- EXERCISE: Copy every entry exactly as given, minus the images.
────────────────────────────────────────
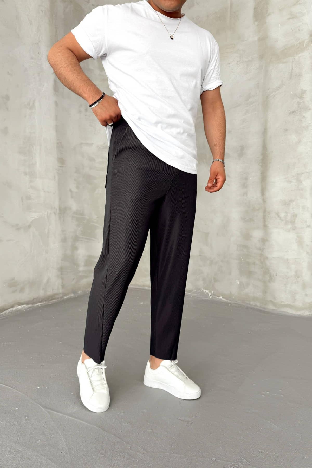 Siyah İnce Fitilli Asimetrik Kesim Pantolon
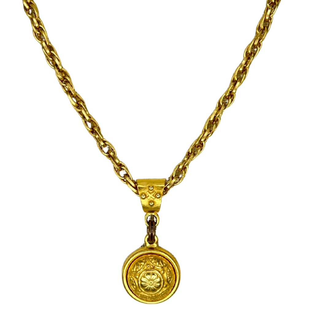The Gold Mosaic Pendant was inspired by a casted vintage European tile and is finished with a 24 karat gold plate.
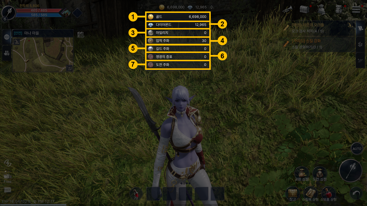- 업적 주화는 일일 의뢰와 업적에서 획득할 수 있으며,
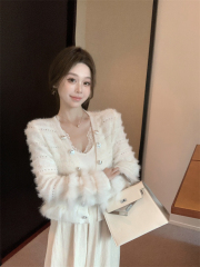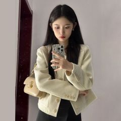 Wool small fragrance jacket for women in autumn and winter high-end apricot short wool cardigan
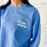 The relaxed fit and soft cotton fabric make this sweatshirt perfect for layering with denim, leggings or your favorite lounge bottoms. Whether you're running errands, heading to church or settling in for a cozy day, it’s an easy piece that pairs comfort with a faith-filled message.
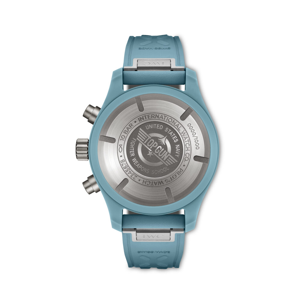 À l’intérieur bat le calibre 69380, mouvement chronographe à roue à colonnes, conçu pour allier robustesse, fiabilité et lisibilité extrême — les minutes chronométrées étant positionnées à midi pour une lecture intuitive. Le fond en titane gravé du logo TOP GUN, protégé par une boîte interne en fer doux, garantit également une résistance antimagnétique.
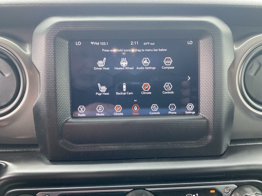 2-Door Passive Entry, Front Door Locks, 3.45 Rear Axle Ratio, 4-Wheel Drive Swing Gate Decal, 97 MPH Vehicle Max Speed Calibration, Air Conditioning w/Auto Temperature Control, Air Filtering, Anti-Spin Differential Rear Axle, Apple CarPlay/Android Auto, Automatic Headlamps, Aux Battery, Black 3-Piece Hard Top, Black Grille, Black Trail Rated Badge, Cluster 7.0 TFT Color Display, Cold Weather Group, Convenience Group, Corning Gorilla Glass, Deep Tint Sunscreen Windows, Emergency communication system: SiriusXM Guardian, Freedom Panel Storage Bag, Front 1-Touch Down Power Windows, Front anti-roll bar, Front LED Fog Lamps, Heated Front Seats, Heated Steering Wheel, Leather Wrapped Steering Wheel, LED Headlamp & Fog Lamp Group, LED Premium Reflector Headlamps, Matte Black Jeep Badge, Mold In Color Bumper w/Gloss Black, MOPAR All-Weather Floor Mats, No Soft Top, Power Heated Mirrors, Quick Order Package 22W Willys, Rear Window Defroster, Rear Window Wiper/Washer, Remote Keyless Entry, Security Alarm, SiriusXM Radio Service, SiriusXM Satellite Radio, Speed Sensitive Power Locks, Stop-Start Dual Battery System, Sun Visors w/Illuminated Vanity Mirrors, Technology Group, Universal Garage Door Opener, Wheels: 17 x 7.5 Moab Black Aluminum, Willys, Willys Hood Decal.
────────────────────────────────────────
- SOLUTION TO THIS TASK:
 Siyah İnce Fitilli Asimetrik Kesim Pantolon
The Gold Mosaic Pendant was inspired by a casted vintage European tile and is finished with a 24 karat gold plate.
- 업적 주화는 일일 의뢰와 업적에서 획득할 수 있으며,
 Wool small fragrance jacket for women in autumn and winter high-end apricot short wool cardigan
 The relaxed fit and soft cotton fabric make this sweatshirt perfect for layering with denim, leggings or your favorite lounge bottoms. Whether you're running errands, heading to church or settling in for a cozy day, it’s an easy piece that pairs comfort with a faith-filled message.
 À l’intérieur bat le calibre 69380, mouvement chronographe à roue à colonnes, conçu pour allier robustesse, fiabilité et lisibilité extrême — les minutes chronométrées étant positionnées à midi pour une lecture intuitive. Le fond en titane gravé du logo TOP GUN, protégé par une boîte interne en fer doux, garantit également une résistance antimagnétique.
 2-Door Passive Entry, Front Door Locks, 3.45 Rear Axle Ratio, 4-Wheel Drive Swing Gate Decal, 97 MPH Vehicle Max Speed Calibration, Air Conditioning w/Auto Temperature Control, Air Filtering, Anti-Spin Differential Rear Axle, Apple CarPlay/Android Auto, Automatic Headlamps, Aux Battery, Black 3-Piece Hard Top, Black Grille, Black Trail Rated Badge, Cluster 7.0 TFT Color Display, Cold Weather Group, Convenience Group, Corning Gorilla Glass, Deep Tint Sunscreen Windows, Emergency communication system: SiriusXM Guardian, Freedom Panel Storage Bag, Front 1-Touch Down Power Windows, Front anti-roll bar, Front LED Fog Lamps, Heated Front Seats, Heated Steering Wheel, Leather Wrapped Steering Wheel, LED Headlamp & Fog Lamp Group, LED Premium Reflector Headlamps, Matte Black Jeep Badge, Mold In Color Bumper w/Gloss Black, MOPAR All-Weather Floor Mats, No Soft Top, Power Heated Mirrors, Quick Order Package 22W Willys, Rear Window Defroster, Rear Window Wiper/Washer, Remote Keyless Entry, Security Alarm, SiriusXM Radio Service, SiriusXM Satellite Radio, Speed Sensitive Power Locks, Stop-Start Dual Battery System, Sun Visors w/Illuminated Vanity Mirrors, Technology Group, Universal Garage Door Opener, Wheels: 17 x 7.5 Moab Black Aluminum, Willys, Willys Hood Decal.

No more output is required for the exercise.